第2章 瓶詰めの記憶の流れ先※
「いらっしゃいま、せ・・・」
反射的に体を向けながら挨拶をすると、自然と視線もその方向へ向いていて。
同時に、瞳には少しだけ見覚えのある顔が映された。
「こんにちは、ひなたさん」
「お、沖矢さん・・・!」
爽やかな笑顔でポアロに入店してきたのは、昨日の宣言通りにやって来た彼だった。
「お約束通り、今日も伺わせて頂きました」
「あ、ありがとうございます・・・?」
間違ってはいないはずなのに、お礼を言うところなのか直前で迷いが出てしまい、思わず疑問符を付けてしまった。
そんな私に、沖矢さんは急に距離を縮めては、顔をグッと近付けてきて。
「今日も、お綺麗ですね」
恥ずかしげも無く、そんな台詞を吐いてみせた。
安室さんも似たようなことを口にするが、正直この人は、安室さんよりも苦手意識が働く。
・・・その理由は分からないが。
「お知り合いですか?」
戸惑いのせいで引きつった笑顔になっていると、調理の手を止めた安室さんが、カウンター側から声を掛けてきて。
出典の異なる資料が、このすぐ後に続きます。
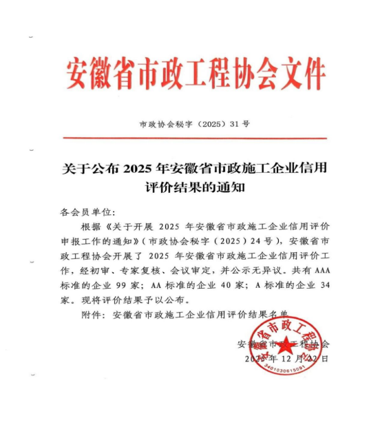 近日,安徽省市政工程協(xié)會(huì)正式發(fā)布《關(guān)于公布2025年安徽省市政施工企業(yè)信用評(píng)價(jià)結(jié)果的通知》。黃山市建工集團(tuán)憑借卓越的綜合實(shí)力、規(guī)范的市場(chǎng)行為、優(yōu)良的工程品質(zhì)及堅(jiān)實(shí)的信用體系建設(shè),成功獲評(píng)最高信用等級(jí)——AAA級(jí)。標(biāo)志著集團(tuán)在誠信經(jīng)營、履約能力與社會(huì)責(zé)任履行方面獲得了行業(yè)主管部門與協(xié)會(huì)的高度認(rèn)可,是企業(yè)信用建設(shè)領(lǐng)域的又一重要里程碑。

肩をピクリと跳ねさせながら彼へと目を向けると、そこにはいつもとは僅かに雰囲気の違う彼の姿があった。
「・・・っ」
バーボン。
・・・いや、違う。
でも安室透ではない。
そこには、私の知らない誰かが居るようだった。
「え・・・えっと・・・」
何と言えば良いだろう。
コナンくんや、阿笠博士のこともある。
こちらも調べが足りない為、無闇に沖矢さんの居場所や素性を言うのは、避けた方が良いかもしれない。
本能的に、そう思い口篭っていると。
「友人です」
沖矢さんは簡潔に、私との関係をそう示した。
友人という関係になったつもりはないが、変なことを言われるよりはマシか、と上がっていた肩を下げた瞬間。
「今のところは、ですがね」
その肩に、背後から沖矢さんの両手が乗って。
ビクッと震えると、彼は私の顔を覗き込むようにし、ニコッと何を考えているのか分からない笑みを向けてきた。
「・・・今のところ、とは?」
そこは掘り下げなくていい、と安室さんに顔を向けるが、未だ私の知らない表情をする彼に、言葉は喉の奥で詰まってしまった。